© Copyright 2002 by the Wyoming Department of Employment, Research & Planning


Comparison of Unemployment Insurance Cost for Wyoming and Its Neighboring States

by:  Sherry Wen, Senior Economist

Unemployment Insurance (UI) is one of the government-related costs that a business should take into consideration when choosing a location among different states. By law, employers are required to pay UI tax for their employees. However, this cost varies significantly from state to state.1 This article compares the average UI costs2 of employers in Wyoming, six neighboring states, and the U.S.

There are different ways to look at the average UI cost. The total wage UI tax rate, which is the annual UI tax revenue divided by the annual total UI covered wages, indicates how much UI tax employers pay for each dollar in wages they pay their employees. In general, Wyoming employers paid 64 cents in UI taxes for each $100 in wages paid in 2001. This is higher than the U.S. average (50 cents) and the third highest among the seven states under consideration (see Figure 1). Idaho had the highest UI cost at 80 cents per $100 in wages. Colorado, Nebraska, South Dakota, and Utah had a cost of only 20 cents.

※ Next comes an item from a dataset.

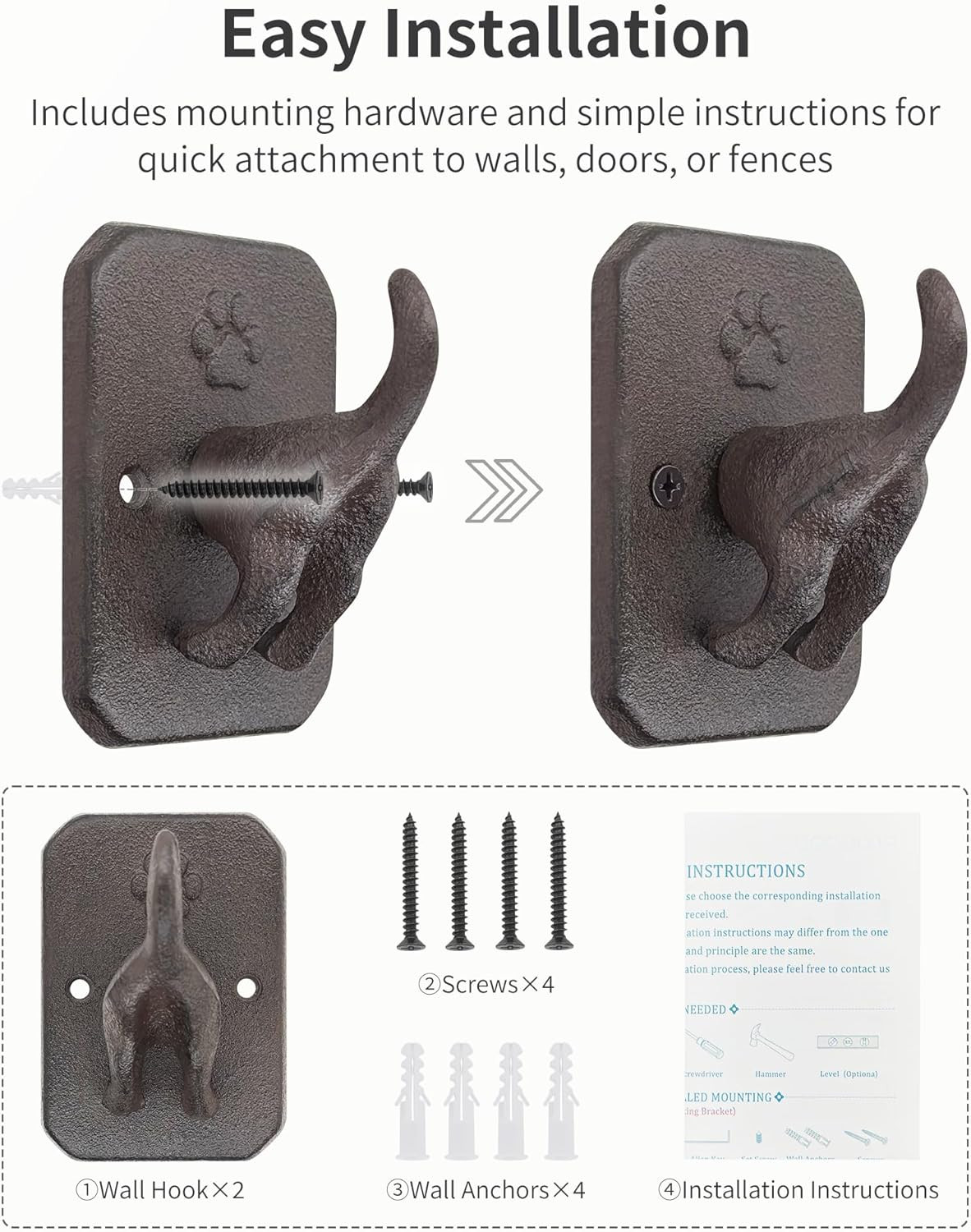 Included Components: 1 Installation Instructions, 2 Wall Hooks, 4 Screws, 4 Wall Ancho

To examine UI cost at a more detailed level, we should introduce two UI terms first. One is the taxable wage UI tax rate, which is calculated by dividing the annual UI tax revenue by the annual total UI covered taxable wages. The other is taxable wage base. In Wyoming, according to the current UI law,3 taxable wage base is defined as 55 percent of the previous year's state average annual wage. Any employee’s wages in excess of the taxable wage base are not subject to UI taxes. Taxable wage base is defined differently from state to state and may change from year to year. As a result, neither of these two terms should be used independently in comparing UI costs across the states. A lower tax rate does not necessarily lead to a smaller UI tax payment for the employers if the state has a large taxable wage base.

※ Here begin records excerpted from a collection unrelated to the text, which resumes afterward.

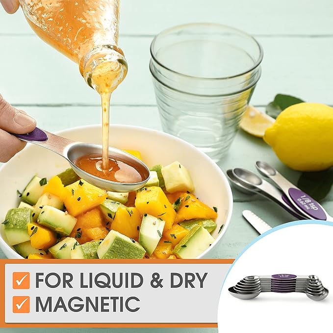 Spring Chef Purple Stainless Steel Magnetic Measuring Spoons Set of 8 with Leveler, Dual Sided Metal Teaspoon & Tablespoon Measuring Spoons, Kitchen Gadgets for Baking & Cooking, Fits in Spice Jars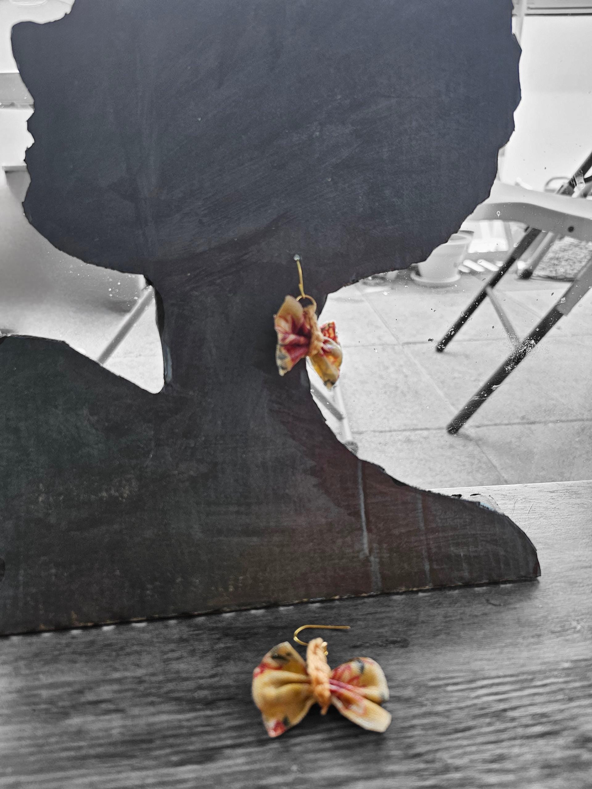 These bow tie earrings are entirely handmade and assembled in France. They add a unique touch of charm to your look. Their delicate wet-look finish and timeless design make them perfect for any occasion.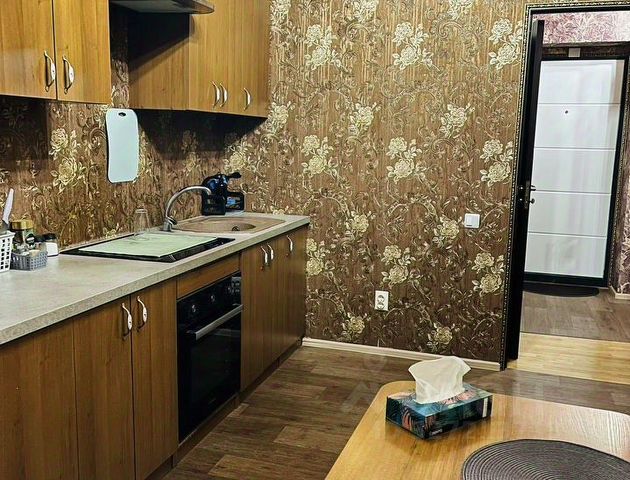 - Укомплектованная кухня со всем необходимым: холодильник, варочная панель, чайник, посуда, микроволновая печь и мелочи на кухне

During the ten years from 1992 to 2001, Wyoming's taxable wage UI tax rate decreased 40.9 percent in total (from 2.2% to 1.3%), while its taxable wage base increased 29.3 percent (from $10,900 to $14,100) (see Figure 2). The relatively large decreases in the UI tax rate enabled Wyoming employers to pay less UI tax over the years in spite of the continued increases in the taxable wage base. For example, if an employee's annual wage was at least $14,100 in both 1992 and 2001, the UI tax would be $239 ($10,900 times 2.2%) in 1992 and $183 ($14,100 times 1.3%) in 2001. The break-even point for the taxable wage base would be $18,385. In other words, if the 2001 taxable wage base increased beyond $18,385, Wyoming employers would have to pay more UI tax in 2001 than in 1992, even under the lowest tax rate (1.3%) in the state's history.

How did Wyoming's UI cost compare with that of some of its neighbors in 2001 (see Figure 3). Using a single employee with an annual wage of at least $25,700 in 2001 as an example, the UI cost for this employee was $308 in Idaho, $200 in Montana, $183 in Wyoming, $86 in Utah, $80 in Colorado, $56 in Nebraska, and $42 in South Dakota.

Whether an employer has primarily low wage or high wage jobs also makes a difference in UI costs among the states. Some states may be more competitive for high wage positions but less competitive for lower wage positions or vise-versa. For example (see the Table), Nebraska was the second least expensive state for positions paying $25,700 or more annually in 2001, but it was the fourth most expensive state for lower paying jobs. Utah was just the opposite, costing much more for higher wage positions and much less for lower wage positions compared to other neighboring states. Again, South Dakota was the most competitive state in terms of UI cost for both high and low wage positions.

In summary, Wyoming's UI tax rate decreased 40.9 percent in total from 1992 to 2001. Compared with neighboring states, Wyoming’s UI cost is still higher than some. However, the 30 percent across the board UI tax rate cut in 20024 may improve Wyoming’s standing if the corresponding taxable wage base does not increase proportionally.

1U.S. Department of Labor, Employment and Training Administration, Unemployment Insurance Program Letter No. 48-01, September 4, 2001, < http://ows.doleta.gov/lpbin20/lpext.dll/UIPL/up%20fy%202k1/up%2048-01> (September 18, 2001).

2For detailed information on individual Unemployment Insurance tax calculation, please refer to Sherry Wen's "Calculation of the State Unemployment Insurance (UI) Tax Rate for Wyoming," Wyoming Labor Force Trends, March 2001, pp. 6-9.

3Wyoming Employment Security Law 27-3-102(xviii)(A).

4In 2002, all Wyoming employers will receive a 30 percent reduction in their Unemployment Insurance tax rate (Wyoming Employment Security Law
27-3-503(b)). However, none of the new employers should be assigned a rate of less than one percent (1%) (Wyoming Employment Security Law 27-3-503(f)).